With a DBN we can make the following types of query:

- Prediction - calculating queries a number of time steps into the future.
- Filtering - calculating queries at the current time.
- Smoothing - calculating queries a number of time steps into the past (calculating historic values)
- Most probable sequence - calculating the most likely sequence of past values (generalized version of the Viterbi algorithm)
- Joint prediction over multiple time series and non time-series variables

The same time series variable

Acan be included in a joint prediction at different times. e.g. P(A[t=0], A[t=5], B, C[t=1])

We can include one or more utility variables (to model costs or profits for example) and one or more decision variables in a Bayesian network. These models are called Decision graphs.

Decision graphs can be used to automate a decision making process. Crucially they make these decisions in an uncertain environment. Uncertain, because we typically do not know the exact state of the system, but just have probabilistic beliefs in various variables.

Decision graphs can include multiple decisions and multiple utilities.

Predictions on their own are very powerful, but there are also a number of techniques which make use of predictions providing advanced analytics capabilities.

In order to make predictions with a Bayesian network, we need to build a model.

A model can be learned from data, built manually or a mixture of both.
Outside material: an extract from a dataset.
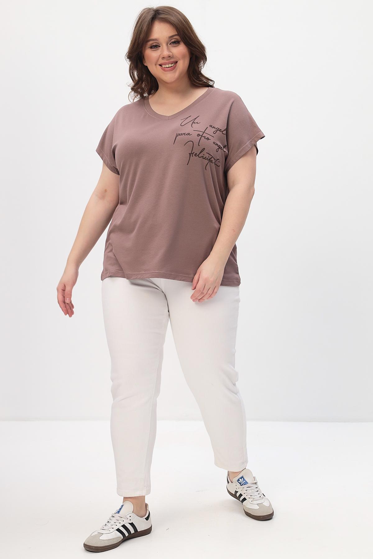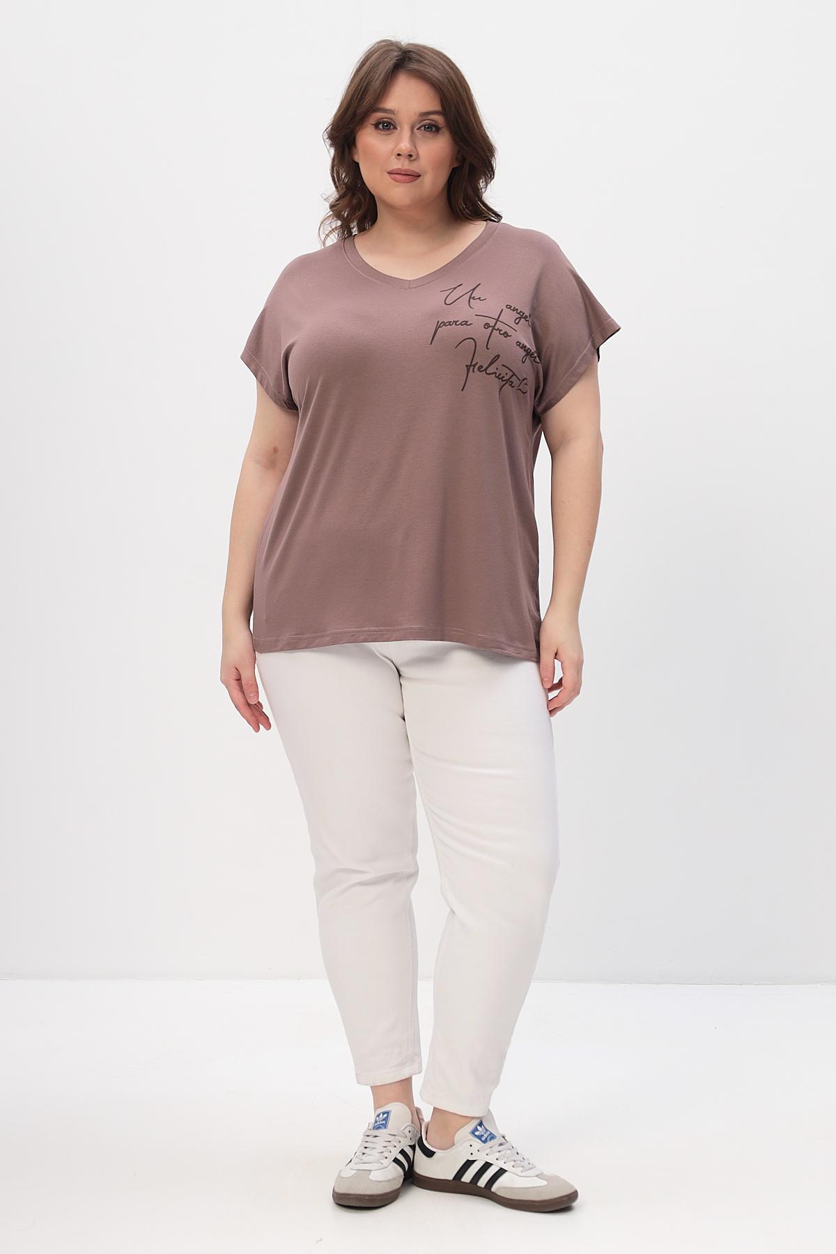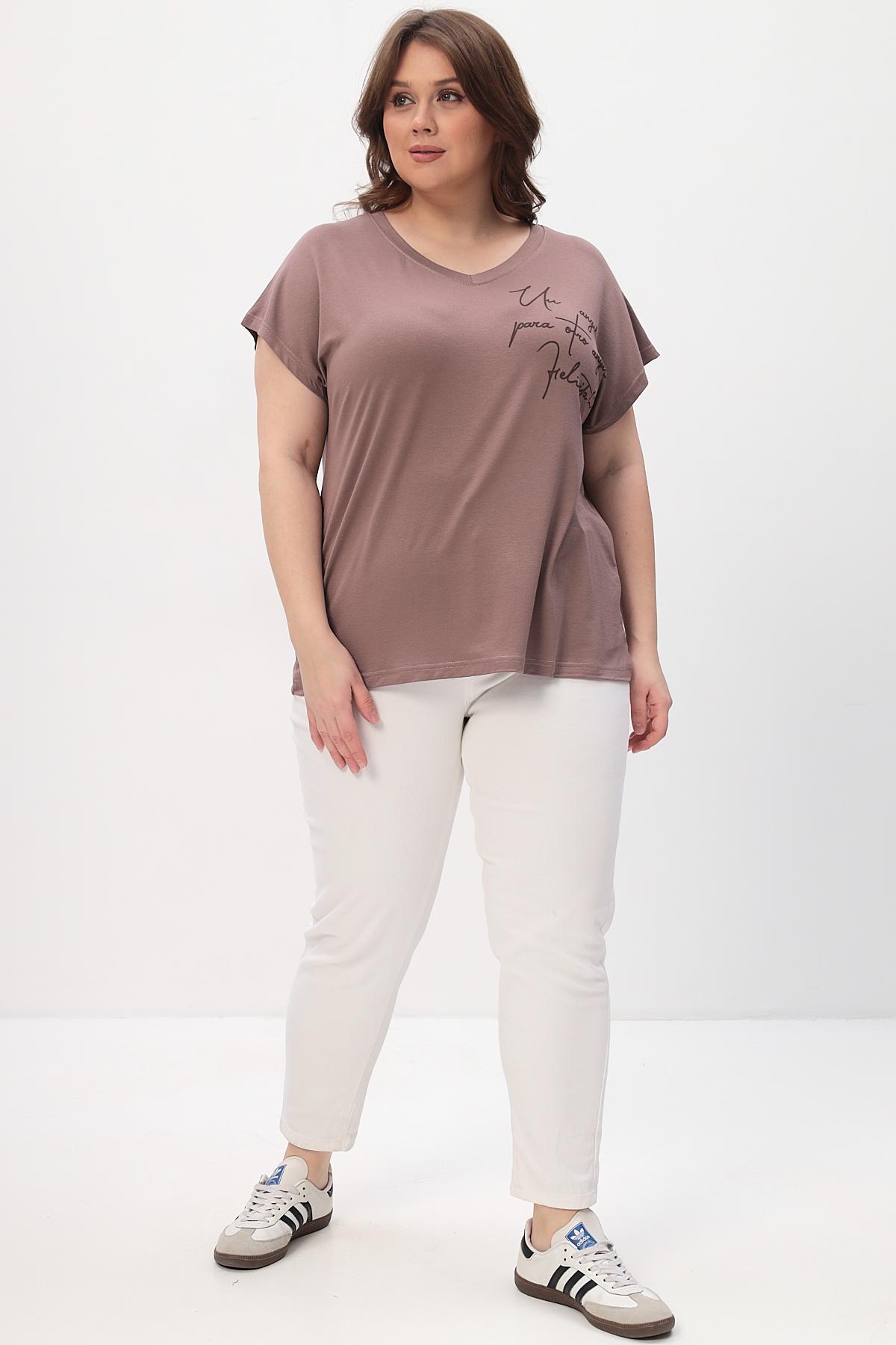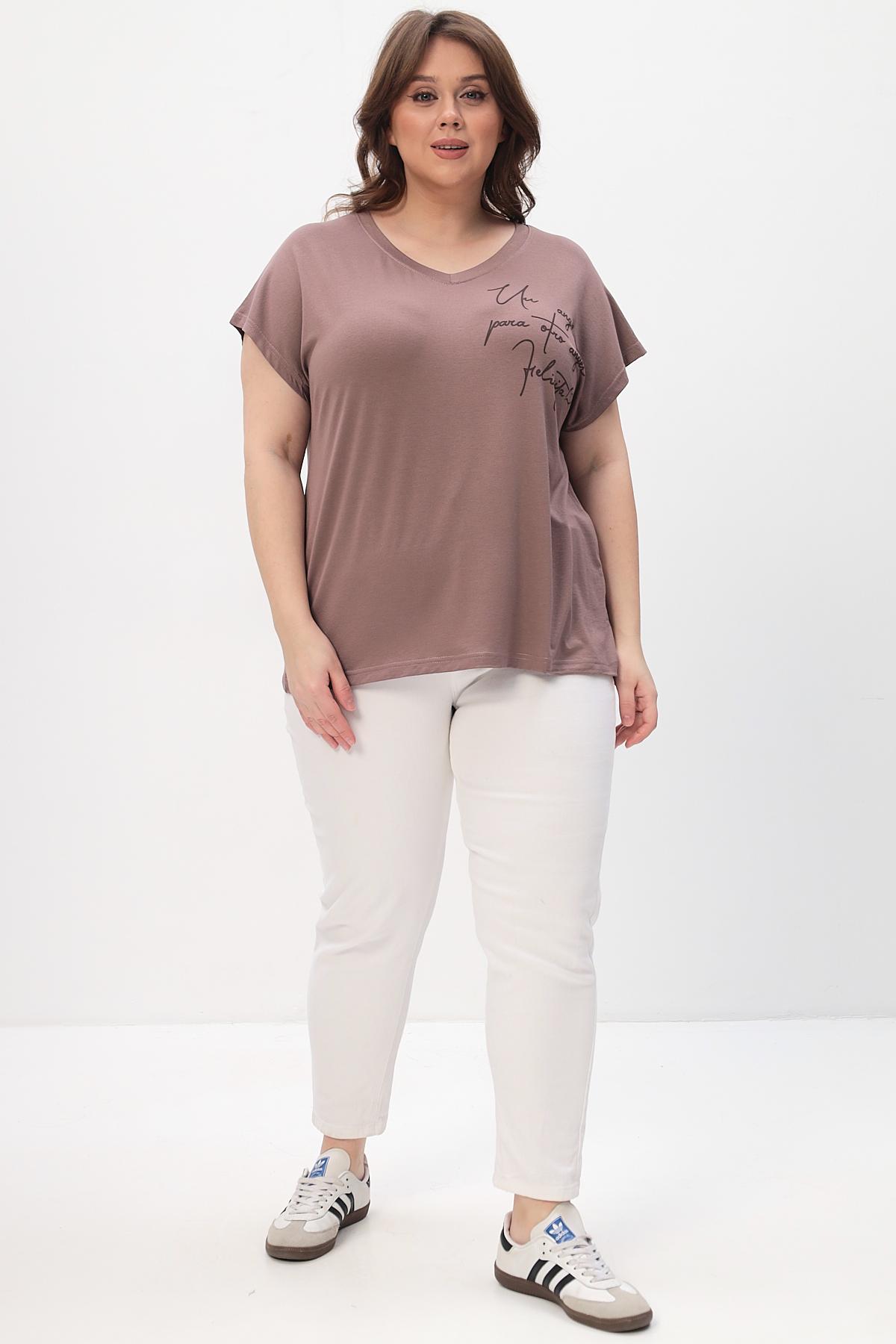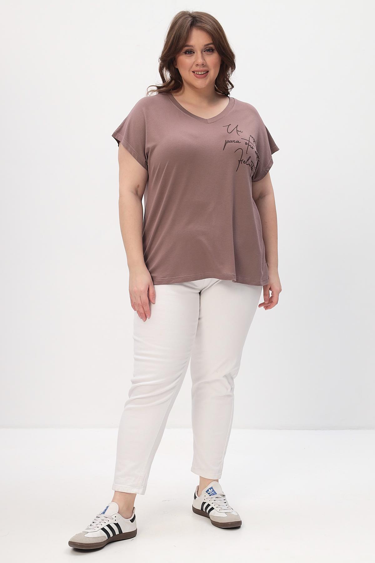 Женская футболка для милых девушек. Удобная и самая любимая вещь каждой девушки – простая и легкая футболка Бэтти. В ней Вы будете чувствовать себя комфортно. Приятная к телу ткань, воротничок мысиком, удобная длина, короткий рукав – вот детали идеальной футболки. Красивый, стильный принт на футболке придает особую нотку привлекательности. Футболку можно сочетать как со спортивным, так и деловым стилем одежды.

Bayesian networks are graph structures (Directed acyclic graphs, or DAGS). There is therefore no fixed structure of a network required to make predictions. Any network can make predictions.

When using data it can sometimes be useful to learn the structure of the network automatically from the data, which is known as structural learning. However we often build the structure manually, taking advantage of well known model types, their extensions, and making use of latent variables.

Latent variables also known as hidden variables, are not directly mapped to data during training. They allow the Bayesian network to automatically capture hidden patterns in the data which have not been directly recorded.

Using one or more latent variables in a Bayesian network (discrete or continuous) often increases the predictive power of the network.

Latent variables are a form of automatic feature extraction and are similar to hidden layers in a Neural network or Deep learning.